The words “final and conclusive” mean, primarily and generally, that there is no appeal. (Waterhouse v. Gilbert, 15 Q.B.D. 569; Bryant v. Reading, 17 Q.B.D. 128; Lyon v. Morris, 19 Q.B.D. 139.)

A right of appeal may mean one of two things: the right of a party to claim an appeal to a higher court; or the right of a higher court to grant leave to appeal. In the case of the High Court, the only higher court of which there is any question is the Queen in Council; so that the discussion of rights of appeal from the High Court resolves itself into (1) the right of a party to claim an appeal to the Queen in Council; (2) the prerogative right of the Queen to grant leave of appeal to herself in Council.

APPEAL AS OF RIGHT.—An appeal as of right can only be created by statute; and the words of this section expressly negative the existence of such an appeal.

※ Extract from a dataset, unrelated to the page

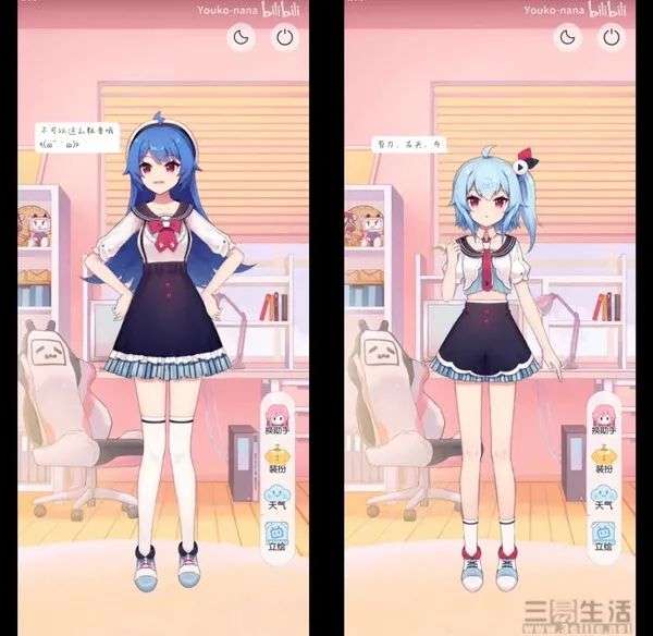 几乎是在同时,哔哩哔哩(下文简称为B站)也开始小范围内测其虚拟人物功能。据悉,其将标志性的虚拟人物“看板娘”22和33放到了用户个人主页的背景中,用户可以自由在这两个人物中进行选择,并能对其进行装扮、修改背景等。并且值得注意的是,在目前的测试阶段,“看板娘”也能与用户进行的简单互动,例如问候、撒娇、播报天气等。
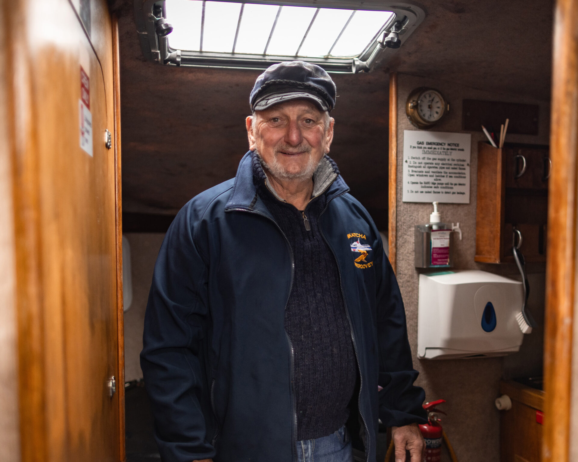 Perchennog Mikatcha, cwch i’w logi, yn gweithredu allan o Aberdyfi

“The creation of a new right of appeal is plainly an act which requires legislative authority. The Court from which the appeal is given, and the Court to which it is given, must both be bound, and that must be the act of some higher power. It is not competent to either tribunal, or to both collectively, to create any such right. Suppose the Legislature to have given to either tribunal, that is, to the Court of the First Instance, and to the Court of Error or Appeal respectively, the fullest power of regulating its own practice or procedure, such power would not avail for the creation of a new right of appeal, which is in effect a limitation of the jurisdiction of one Court and an extension of the jurisdiction of another.” (Per Westbury, L.C., Att.-Gen. v. Sillem, 10 H.L.C., p. 720. See also Mayor of Montreal v. Brown, 2 App. Ca. 174, 184.

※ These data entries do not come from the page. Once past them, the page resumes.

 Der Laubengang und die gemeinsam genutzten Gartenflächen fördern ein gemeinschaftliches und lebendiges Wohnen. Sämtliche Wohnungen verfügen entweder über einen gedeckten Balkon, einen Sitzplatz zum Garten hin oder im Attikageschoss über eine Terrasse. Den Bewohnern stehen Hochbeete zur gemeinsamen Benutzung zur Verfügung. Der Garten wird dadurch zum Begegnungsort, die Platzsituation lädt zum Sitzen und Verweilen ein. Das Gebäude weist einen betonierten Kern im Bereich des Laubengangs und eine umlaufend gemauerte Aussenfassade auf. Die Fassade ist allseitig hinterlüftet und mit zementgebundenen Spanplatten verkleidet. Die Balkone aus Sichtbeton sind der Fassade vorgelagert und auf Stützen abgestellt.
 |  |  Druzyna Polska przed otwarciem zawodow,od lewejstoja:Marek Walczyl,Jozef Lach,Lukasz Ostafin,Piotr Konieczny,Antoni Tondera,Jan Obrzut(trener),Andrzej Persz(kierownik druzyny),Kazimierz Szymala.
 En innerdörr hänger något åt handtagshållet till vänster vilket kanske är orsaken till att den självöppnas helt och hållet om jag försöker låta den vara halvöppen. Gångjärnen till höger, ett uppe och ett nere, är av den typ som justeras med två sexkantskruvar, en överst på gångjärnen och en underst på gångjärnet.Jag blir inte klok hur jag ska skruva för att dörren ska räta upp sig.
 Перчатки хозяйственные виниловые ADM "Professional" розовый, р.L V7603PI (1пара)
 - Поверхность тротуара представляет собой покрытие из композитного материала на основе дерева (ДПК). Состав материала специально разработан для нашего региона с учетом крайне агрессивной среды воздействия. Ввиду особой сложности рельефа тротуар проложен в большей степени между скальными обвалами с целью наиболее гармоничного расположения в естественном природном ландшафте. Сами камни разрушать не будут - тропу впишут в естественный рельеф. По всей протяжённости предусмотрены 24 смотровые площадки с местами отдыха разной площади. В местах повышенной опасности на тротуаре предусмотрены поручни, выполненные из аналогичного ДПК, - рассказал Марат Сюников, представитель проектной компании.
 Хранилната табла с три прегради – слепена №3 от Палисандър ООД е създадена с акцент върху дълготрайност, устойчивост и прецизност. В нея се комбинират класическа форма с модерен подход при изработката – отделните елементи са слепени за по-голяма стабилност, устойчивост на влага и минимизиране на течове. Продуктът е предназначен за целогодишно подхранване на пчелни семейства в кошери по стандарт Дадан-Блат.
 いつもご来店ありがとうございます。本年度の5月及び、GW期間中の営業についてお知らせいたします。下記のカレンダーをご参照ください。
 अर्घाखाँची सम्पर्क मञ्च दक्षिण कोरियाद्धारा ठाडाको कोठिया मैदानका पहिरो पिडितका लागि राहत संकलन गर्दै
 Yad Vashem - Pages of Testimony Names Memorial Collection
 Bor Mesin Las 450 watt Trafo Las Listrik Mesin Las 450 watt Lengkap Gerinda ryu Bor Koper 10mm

It has been held by the Privy Council in Canadian cases that the words “final and conclusive,” or the word “final” only, are apt words, even in a Canadian statute, to take away an appeal “as of right” to the Queen in Council, and to prevent the Court of Appeal in Canada from granting leave to prosecute such appeal. In Cushing v. Dupuy (5 App. Ca. 409), it was held that a provision in a Dominion Act that the judgment of the Court of Appeal in matters of insolvency should be “final,” excluded appeals “as of right” to the Privy Council, though it did not take away the Queen's prerogative right to grant leave of appeal. Sir Montague E. Smith, in the course of delivering the judgment of the Privy Council, said (at p. 416):—

“Then it was contended that if the Parliament of Canada had the power, it did not intend to abolish the right of appeal to the Crown. It was said that the word ‘final’ would be satisfied by holding that it prohibited an appeal to the Supreme Court of Canada, established by the Dominion Act of the 38 Vic. c. 11. Their Lordships think that the effect of the word cannot be so confined. It is not reasonable to suppose that the Parliament of Canada intended to prohibit an appeal to the Supreme Court of Appeal recently established by its own legislation, and to allow the right of immediate appeal from the Court of Queen's Bench to the Queen to remain. Besides the word ‘final’ has been before used in colonial legislation as an apt word to exclude in certain cases appeals as of right to Her Majesty. (See the Lower Canada Statute, 34 Geo. III., c. 30.) Such an effect may, no doubt, be excluded by the context, but there is none in the enactment in question to limit the meaning of the word. For these reasons their Lordships think that the Judges below were right in holding that they had no power to grant leave to appeal.” (See also Johnston v. Minister of St. Andrew's Church, Montreal, 3 App. Ca. 159.)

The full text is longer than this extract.